The unabated procession of time continued Sunday, moving us infinitesimally closer to end of Tom Brady's reign over the National Football League, which was the only positive takeaway for Bills fans who watched Brady and the rival Patriots unsurprisingly win the Super Bowl for a sixth time.
Brady now has more Super Bowl titles than any player in history. He remains, at least publicly, set on playing next year and beyond.

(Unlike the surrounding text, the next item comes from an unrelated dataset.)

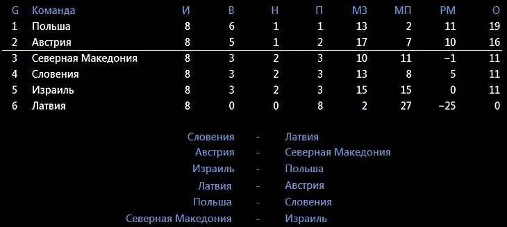 Теоретически 5 команд продолжает претендовать на Евро. Реально, любая победа Австрии, к примеру, над Македонией, интригу умножит на ноль. Из трех оставшихся за бортом команд только у Словении нет запасного парашюта под названием Лига наций, и даже 6 очков не помогут им попасть на турнир, при любой ничьей Австрии. У Австрии хороший календарь, но занять первое место непросто, ведь у Польши преимущество личных встреч над ними, при возможном равенстве очков, да и мотивация попасть в первую корзину жеребьевки Евро присутствует.

Bill Belichick concocted the antidote for the Rams' potent offense in the 13-3 victory, matching the record for fewest points allowed in a Super Bowl in what was the game's lowest-scoring affair ever. The defensive effort included a strong performance from Stephon Gilmore, the former Bills cornerback, whose late interception helped seal the victory.
As Jay Skurski wrote, "This is what Stephon Gilmore had in mind when he left the Buffalo Bills."
"I was so proud of him, man," Patriots receiver Chris Hogan said of Gilmore, a former teammate with the Bills. "He goes about his business quietly, but he works so hard and he's one best corners in the league. He showed it tonight."
Gronkowski to mull future: Rob Gronkowski seems much more likely to retire this offseason than Brady. Gronk estimated he was asked about retirement 50 times leading up to the game. After, he said he'd make a decision on his future "in a week or two."
Quarterly Report: The Belichick game plan is well known: Take away what the opponent does best. For the Rams, that was the run game and the deep ball. Jared Goff couldn't beat the Patriots' tight coverage from the pocket, and the Rams punted nine times – tied for third-most ever in a Super Bowl.
Lynn featured in top commercial: Anthony Lynn, the former Bills interim coach, was featured in arguably the best Super Bowl commercial. Lynn nearly died in a 2005 car accident but is with us today thanks to first responders. Verizon found the first responders who saved Lynn that night and surprised him, bringing the Chargers head coach to tears.